**Task objective**
Restate word for word the material below, starting at the line that contains "Blauw witte plantenpotten, gemerkt" and stopping after the last line; skip pictures.

**Collected data**
=== Section Start ===

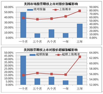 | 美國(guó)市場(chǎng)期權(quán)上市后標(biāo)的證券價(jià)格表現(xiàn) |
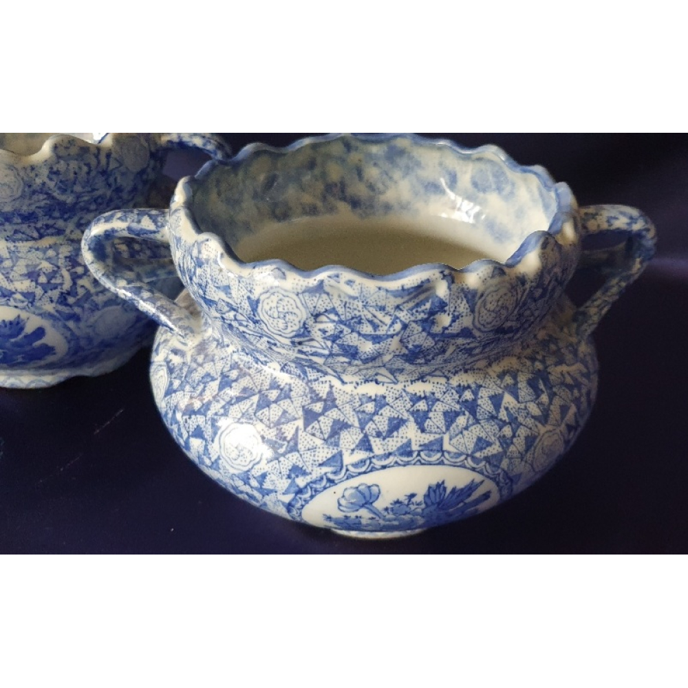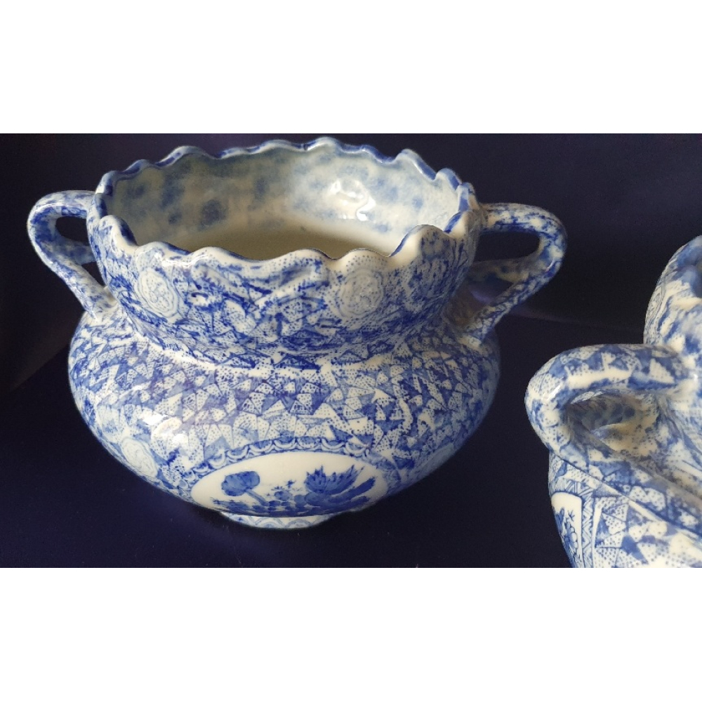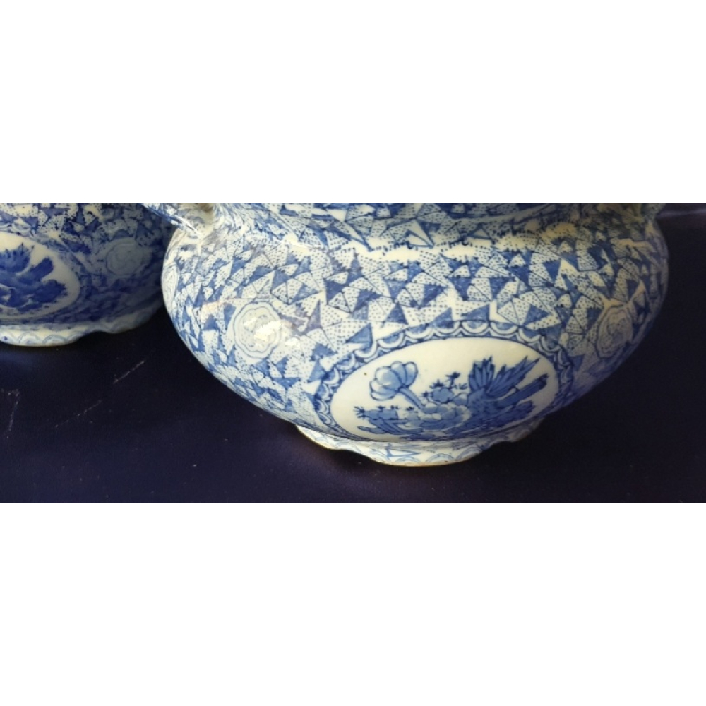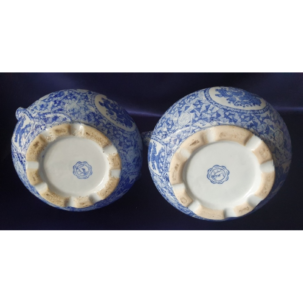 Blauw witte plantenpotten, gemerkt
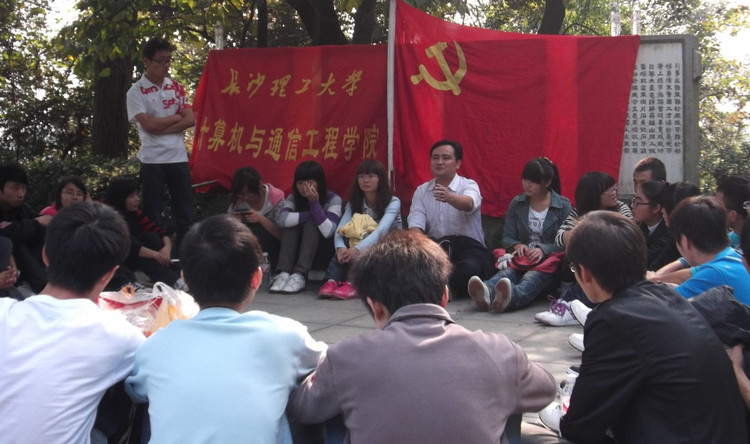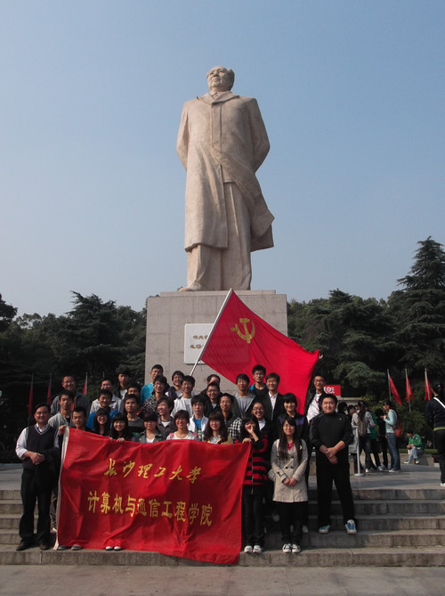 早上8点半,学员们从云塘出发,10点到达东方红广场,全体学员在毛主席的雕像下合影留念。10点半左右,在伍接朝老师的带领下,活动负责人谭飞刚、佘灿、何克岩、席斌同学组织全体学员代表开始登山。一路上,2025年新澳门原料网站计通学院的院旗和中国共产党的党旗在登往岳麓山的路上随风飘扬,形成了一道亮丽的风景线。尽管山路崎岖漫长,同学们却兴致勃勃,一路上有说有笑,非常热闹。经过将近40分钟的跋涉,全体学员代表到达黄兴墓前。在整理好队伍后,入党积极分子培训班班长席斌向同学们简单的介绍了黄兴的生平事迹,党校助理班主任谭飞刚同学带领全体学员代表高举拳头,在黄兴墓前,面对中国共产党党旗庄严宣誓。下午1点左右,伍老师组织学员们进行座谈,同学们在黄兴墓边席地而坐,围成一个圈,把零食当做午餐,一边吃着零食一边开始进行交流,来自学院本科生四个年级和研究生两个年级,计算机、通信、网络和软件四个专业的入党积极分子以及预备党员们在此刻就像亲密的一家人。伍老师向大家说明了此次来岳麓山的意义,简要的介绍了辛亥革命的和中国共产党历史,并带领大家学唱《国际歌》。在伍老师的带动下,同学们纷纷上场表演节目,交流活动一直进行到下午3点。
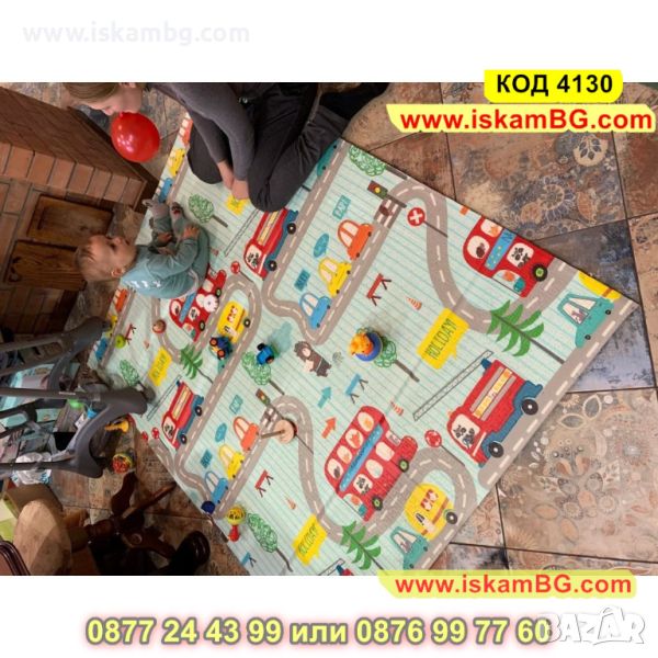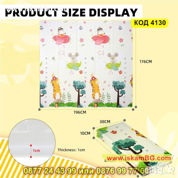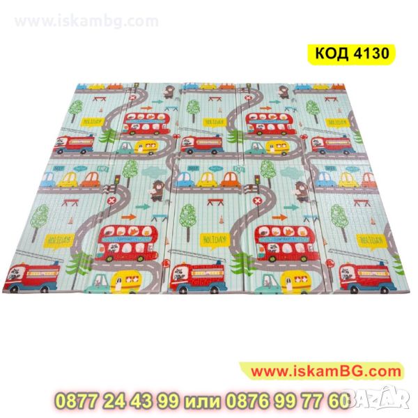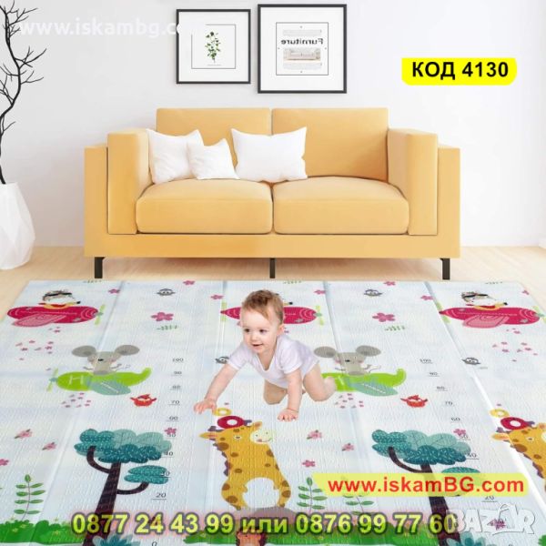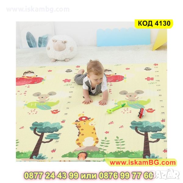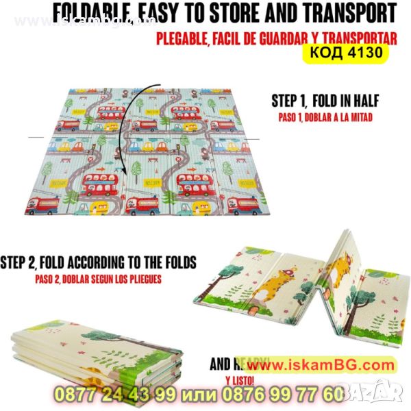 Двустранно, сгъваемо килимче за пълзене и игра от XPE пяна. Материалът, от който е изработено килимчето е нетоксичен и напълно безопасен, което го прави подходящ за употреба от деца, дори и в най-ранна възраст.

=== Section End ===

**Task answer**
 Blauw witte plantenpotten, gemerkt
 早上8点半,学员们从云塘出发,10点到达东方红广场,全体学员在毛主席的雕像下合影留念。10点半左右,在伍接朝老师的带领下,活动负责人谭飞刚、佘灿、何克岩、席斌同学组织全体学员代表开始登山。一路上,2025年新澳门原料网站计通学院的院旗和中国共产党的党旗在登往岳麓山的路上随风飘扬,形成了一道亮丽的风景线。尽管山路崎岖漫长,同学们却兴致勃勃,一路上有说有笑,非常热闹。经过将近40分钟的跋涉,全体学员代表到达黄兴墓前。在整理好队伍后,入党积极分子培训班班长席斌向同学们简单的介绍了黄兴的生平事迹,党校助理班主任谭飞刚同学带领全体学员代表高举拳头,在黄兴墓前,面对中国共产党党旗庄严宣誓。下午1点左右,伍老师组织学员们进行座谈,同学们在黄兴墓边席地而坐,围成一个圈,把零食当做午餐,一边吃着零食一边开始进行交流,来自学院本科生四个年级和研究生两个年级,计算机、通信、网络和软件四个专业的入党积极分子以及预备党员们在此刻就像亲密的一家人。伍老师向大家说明了此次来岳麓山的意义,简要的介绍了辛亥革命的和中国共产党历史,并带领大家学唱《国际歌》。在伍老师的带动下,同学们纷纷上场表演节目,交流活动一直进行到下午3点。
 Двустранно, сгъваемо килимче за пълзене и игра от XPE пяна. Материалът, от който е изработено килимчето е нетоксичен и напълно безопасен, което го прави подходящ за употреба от деца, дори и в най-ранна възраст.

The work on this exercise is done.